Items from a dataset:
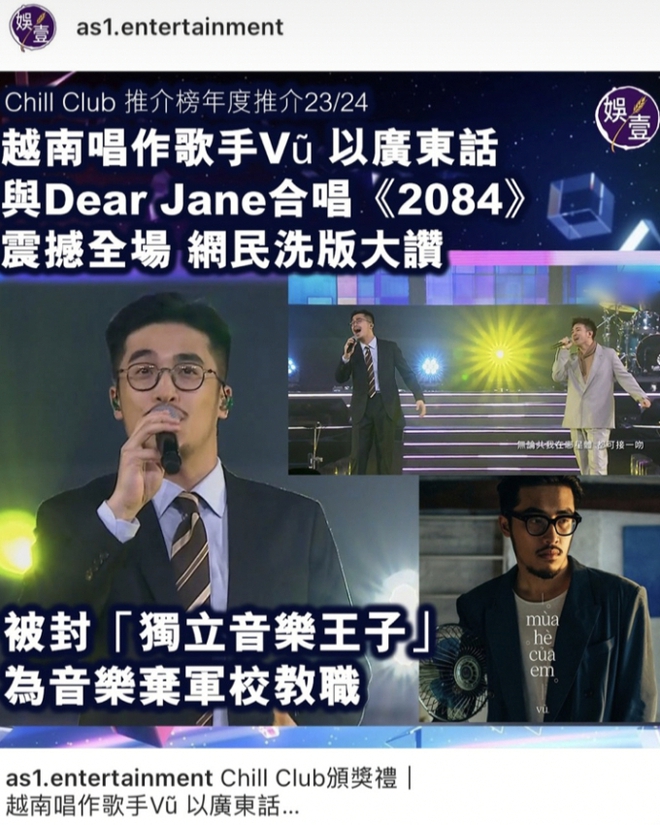 Mới đây, Vũ. đã tham dự một lễ trao giải ở Hong Kong (Trung Quốc) và có tiết mục song ca với ban nhạc nội địa Dear Jane bản hit của chính mình là Những lời hứa bỏ quên. Đặc biệt, Tim - thành viên của Dear Jane đã bất ngờ hát bằng tiếng Việt.
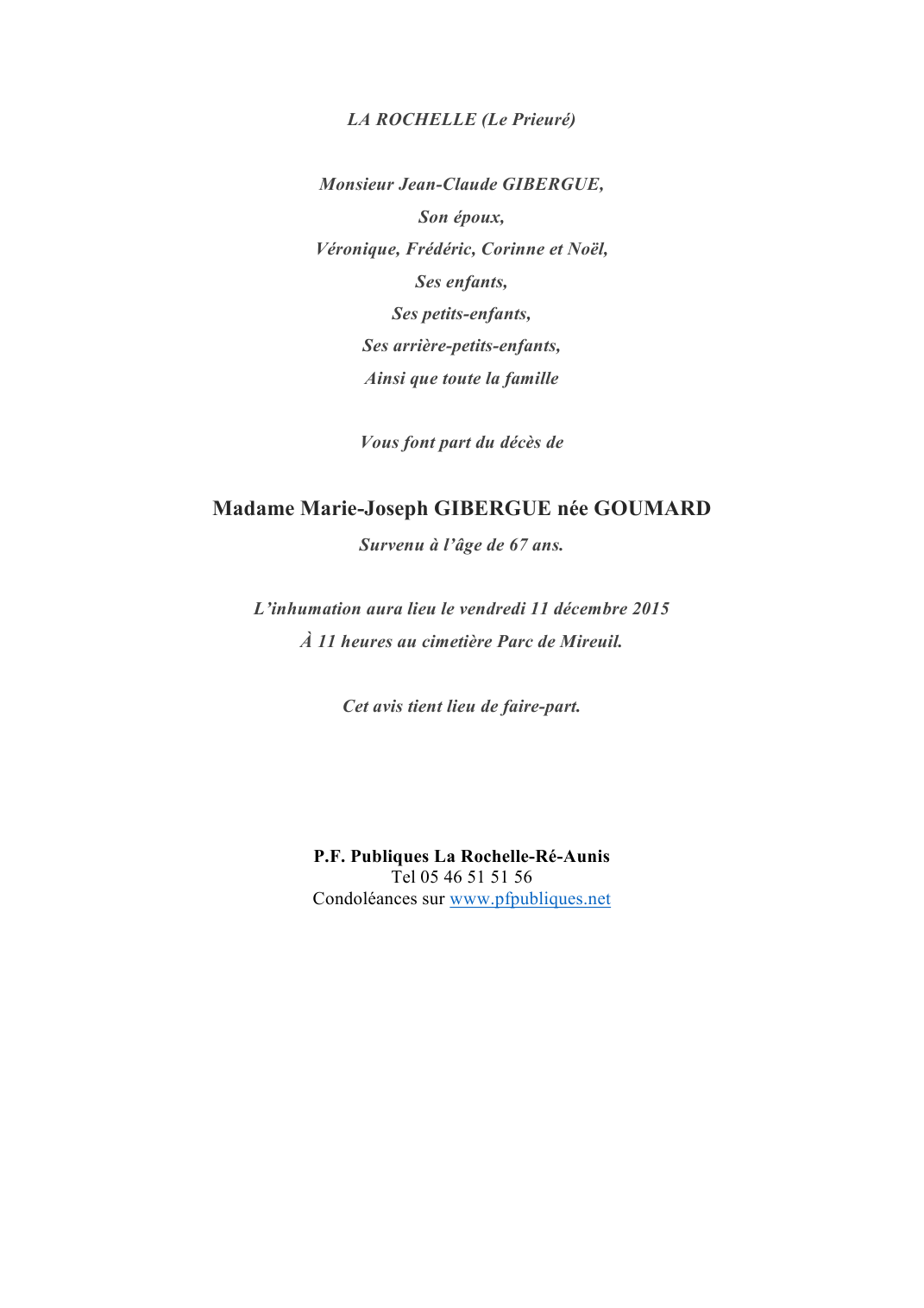 Epouse de Monsieur Jean-Claude GIBERGUE
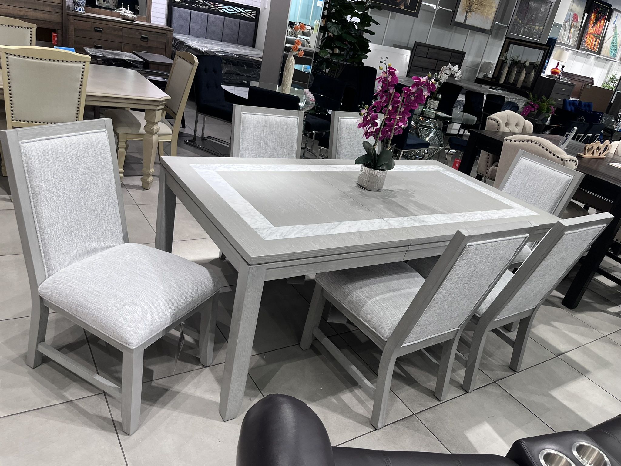 7pc Dining Set 6 chairs and table 🔥Take it home with only $50 down 🔥 Financing available 👨💻 No credit needed 90-100 day payment option Up to 12 months without interest OAC You can apply from your phone 📱 Se habla español 📍We invite you to come visit us at either of our two locations here in Las Vegas!📍 Imperial Furniture @ Galleria Mall 1300 W Sunset Road #1230 Henderson NV 89014 INSIDE Galleria Mall (702-382-2010) Or Imperial Furniture #2 1312 E Charleston Blvd Las Vegas Nv 89104 Next to Resco’s
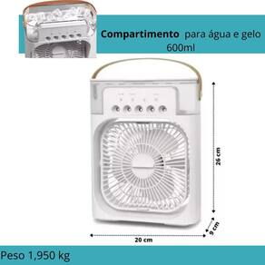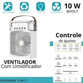 Principais perguntas sobre o produto e respostas: 1 posso regular a intensidade do vento Resposta: sim, ele tem a opção de 3 velocidades. 2 qual é a voltagem dele Resposta: ele é bivolt, funciona em todos os locais do brasil. 3 o produto possui função sleep desligamento automático Resposta: sim, tem um timer com a função para programar 1, 2 ou 3 horas para desligar. 4 ele é giratório Resposta: sim, ele pode ser posicionado manualmente para cima e para baixo. 5 o produto consome muita energia Resposta: não, o produto exige pouca energia para funcionamento. 6 qual a quantidade de água suportada em seu recipiente Resposta: a capacidade do mini climatizador de ar é de 600ml. 7 qual é o alcance da ventilação Resposta: o alcance gira em torno de 5 metros, mas o mesmo climatiza o ar quando o ambiente está fechado. Marca: Não Informado
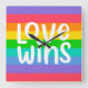 Dieses Kunstwerk zeigt einen bunten Regenbogen mit den Worten Liebe gewinnt.

> _The task_:
Write the lines from the one with "Principais perguntas sobre" through the last line of the entries out again exactly, both ends included, and skip the pictures.

> _Solution_:
 Principais perguntas sobre o produto e respostas: 1 posso regular a intensidade do vento Resposta: sim, ele tem a opção de 3 velocidades. 2 qual é a voltagem dele Resposta: ele é bivolt, funciona em todos os locais do brasil. 3 o produto possui função sleep desligamento automático Resposta: sim, tem um timer com a função para programar 1, 2 ou 3 horas para desligar. 4 ele é giratório Resposta: sim, ele pode ser posicionado manualmente para cima e para baixo. 5 o produto consome muita energia Resposta: não, o produto exige pouca energia para funcionamento. 6 qual a quantidade de água suportada em seu recipiente Resposta: a capacidade do mini climatizador de ar é de 600ml. 7 qual é o alcance da ventilação Resposta: o alcance gira em torno de 5 metros, mas o mesmo climatiza o ar quando o ambiente está fechado. Marca: Não Informado
 Dieses Kunstwerk zeigt einen bunten Regenbogen mit den Worten Liebe gewinnt.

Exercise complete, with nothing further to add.